Start date: September 2023
Duration: 12 months full-time
Fees: UK - £21,200, and Overseas - £38,300
Application deadline: Applications open on 17 October 2022 and close on 31 March 2023 (please note that this is subject to change if the programme is filled before this date)
Entry: Minimum of 2:1 honours or equivalent in a relevant discipline. International students, please note that UCL’s English language requirement for this programme is a 'Level 2' - further details regarding this can be found at the UCL English Language Requirements page.
The global economy is changing. Businesses are becoming more complex and interconnected. Organisations are generating and capturing trillions of bytes of information about their customers, suppliers and operations. And the technology, tools and platforms for analysing this data are evolving incredibly fast. This explosion of complexity, data, and technology is disrupting industries and creating new opportunities.
But understanding the technology alone isn’t enough.
The world’s leading companies need people who understand how management best practices are evolving to adjust to this new deeply complex, interconnected and data-driven world.
People who can take data and transform it into a powerful strategic asset – people who deeply understand data, its potential and its limitations, who can frame complex data-driven business problems, analyse data with the right statistical techniques, employ the latest analytics tools and methods, and communicate analytics results to business executives, partners and customers.
The UCL Business Analytics programme provides a rigorous, practical foundation in these critical skills and provides a platform for careers with global companies and high-growth businesses tackling world-scale problems.
UCL’s Business Analytics Master’s degree programme provides a rigorous, practical foundation in the key skills needed to unlock the value of data, and an in-depth understanding of how companies can use data to make decisions and improve business performance.
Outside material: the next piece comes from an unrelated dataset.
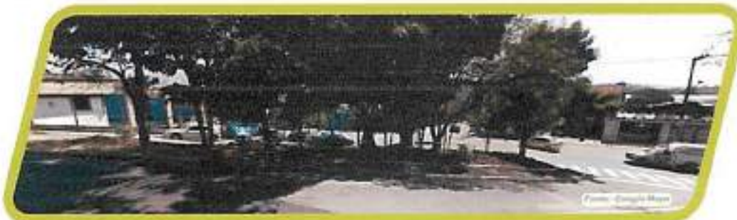
Figura 36 - Praça José Nelsom Anastasi

It combines modules that explore how data and analytics are transforming key areas of business (decision-making, strategy, marketing, operations) with modules that provide students with the mathematical and computational foundations needed to make effective and intuitive use of the latest business analytics tools and platforms.
Graduates from this London-based master’s programme will be highly employable in global companies and high growth tech businesses, finance and banking organisations and consulting firms. They will be equipped to influence strategy and enhance decision-making and be able to drive business performance by transforming data into a powerful strategic asset.
During the year, students undertake six core modules, two optional modules and complete a Consulting Project/Dissertation.
During the year, students undertake six core modules, two optional modules and complete a Consulting Project/Dissertation.
The programme is delivered through a combination of lectures, seminars, tutorials and project work. Assessment is through examinations, individual coursework, group coursework and a dissertation project.
Students typically study 4 modules in Term 1 and 4 modules in Term 2, of which two are selected from the optional module list. In Term 3 students undertake a supervised dissertation project.
Each taught module is delivered over 10 weeks, with 3 contact hours per week comprising lecture content and interactive components. Some of the modules may have additional workshop sessions.
In addition, students spend approximately 7-12 hours a week for each module on assessment and independent study to further develop the skills and knowledge covered in lectures and seminars. The total number of weekly hours will vary according to the weekly activities being undertaken.
To view information about the modules on this programme, enter the module code (eg MSIN0093) in UCL’s Online Module Catalogue.
Core modules in Programming for Business Analytics and Predictive Analytics in Terms 1 and 2 respectively, provide a foundation in delivering an analytical solution that flows naturally into the Term 3 Consulting Project/Dissertation.
These modules are complemented by Statistical Foundations for Business Analytics which ensure that students have the necessary statistical skills to make effective use of the latest analytics methods and tools. Business Strategy and Analytics focuses on how companies create value and competitive advantage in complex, innovation-intensive, data-driven environments.
Additional core modules in Marketing Analytics and Operations Analytics explore in greater depth how data and analytics can unlock value in these key areas and build the insight and skills required to define and deliver practical, high-impact business analytics projects that improve business performance.
This provides a foundation in how companies create value and competitive advantage in complex, innovation-intensive, data-driven environments. It will introduce strategy frameworks for goal setting and performance evaluation, and examine the descriptive, explanatory and predictive nature of data. Ethics, privacy and security considerations will be discussed.
Marketing Analytics addresses how to use data analytics to learn about and market to individual customers. This course examines the premise behind customer-centric marketing, helps you understand the customer lifecycle and customer profitability, and introduces analytical and statistical modeling of customer information.
Underpinning the new analytics that are transforming key areas of business is foundational mathematics. This course will refresh your knowledge of algebra, statistics and calculus before moving onto econometrics with various Bayesian and regression models. It concludes with an introduction to the mathematical basis for supervised and unsupervised approached to machine learning.
Computational models and concepts for business analytics need to be implemented with tools and technologies. The course will cover computational thinking, experimental methodology, preparing datasets and empirical methods for training, validation and testing models. Practical sessions will provide a general introduction to programming in Python and look at standard implementation of useful algorithms.
Predictive Analytics will build on the foundational courses in Term 1 to explore techniques from data mining, statistics, modelling and machine learning in greater detail. We will analyse current data to make predictions about future events across a variety industry use cases with support specific companies and practitioners.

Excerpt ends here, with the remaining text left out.